Его напарник быстро удалялся по тихой стороне улицы, держа портфель в правой руке. Он даже не оглянулся, но когда услышал, что я бегу за ним, метнул через плечо быстрый взгляд и помчался прочь. Он был моложе меня на два десятка лет, однако портфель был тяжелым, и бежать с ним было неудобно, а меня подгоняли адреналин и чувство досады.
Когда он скользнул на боковую улочку, больше похожую на переулок, я почти нагнал его. Я попытался схватить его за воротник, промахнулся, отстал на расстояние шага, и в этот момент он сделал отчаянный рывок. Когда мы добежали до небольшой площади с фонтаном с четырьмя бронзовыми черепахами, он швырнул портфель к мраморному основанию фонтана. Я услышал, как в портфеле что-то хрустнуло, и он соскользнул в воду.

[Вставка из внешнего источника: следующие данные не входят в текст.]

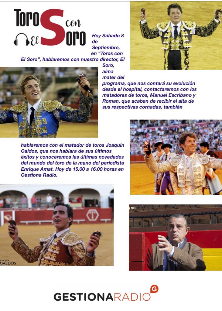 Asimismo pasarán por los micrófonos de Gestiona Radio los matadores de toros Roman y Manuel Escribano, quienes hablarán de la evolución de las heridas sufridas en las plazas de Bayona y Belmonte respectivamente.

Надо было остановиться. Да-да, я знаю. Но я был взбешен и, поднажав, догнал маленького ублюдка, прежде чем ему удалось выбежать с площади. Затем я вернулся и вытащил из воды портфель. Он здорово намок.
Когда я вернулся в общежитие колледжа святого Дамиана, на этот раз на такси, то обнаружил, что компьютер разбит на мелкие куски и восстановлению не подлежит. Но я быстро высушил дискеты, журналы фанатиков и, конечно, порнографические журналы. Это не пострадало. А что вор будет делать со сломанным носом — его дело.
Воришка еще легко отделался, а я вечером того дня, обняв бутылку с приятным содержимым, погрузился в чтение вороха журналов, которые я нашел в комнате Карузо. Под конец чтения я ощутил нешуточную ожесточенность. Прямо как католический коммандо. Наполовину вербовочная брошюра, наполовину журнальчик для внутреннего пользования, «Радар» провозглашал себя «стартовой платформой для беспокоящихся за веру католиков в компьютерную эру». Истинные католики, узнал я, «следуют за Богом подобно тому, как реактивный снаряд преследует цель. Бог — наша цель, наша единственная цель».
Страшная штука: прямо под картинкой домашней интернет-странички «Ключей», изрыгающей агрессию, «Радар» объяснял, как узнать номера телефонов и адреса врачей, делающих аборты, а потом разместить их в Интернете. Предлагался образец почтового и электронного послания, предназначенного для «детоубийц», как их называл «Радар», и варианты коротких оскорбительных текстов для телефонных звонков.
Журналы рассказывали читателям, как оказывать давление на епископов, чтобы «те правильно голосовали ради общего дела католической церкви» на своих собраниях. «Радар» убеждал прихожан доносить на приходских священников, которые слишком либерально относятся к средствам контроля рождаемости: «Если вы услышите о священнике, который отпускает грехи тем, кто пользуется противозачаточными средствами, встать у него на пути — ваш долг».
Одна занятная статья была озаглавлена так: «Как разоблачить разведенного католика или католичку, причастившегося, не имея на то права». Вы должны были встать во время причастия, указать пальцем и крикнуть: «Остановите этого грешника!» Но только после того, как вы «соответствующим образом предупредили потенциального нарушителя до начала богослужения, если это было возможно».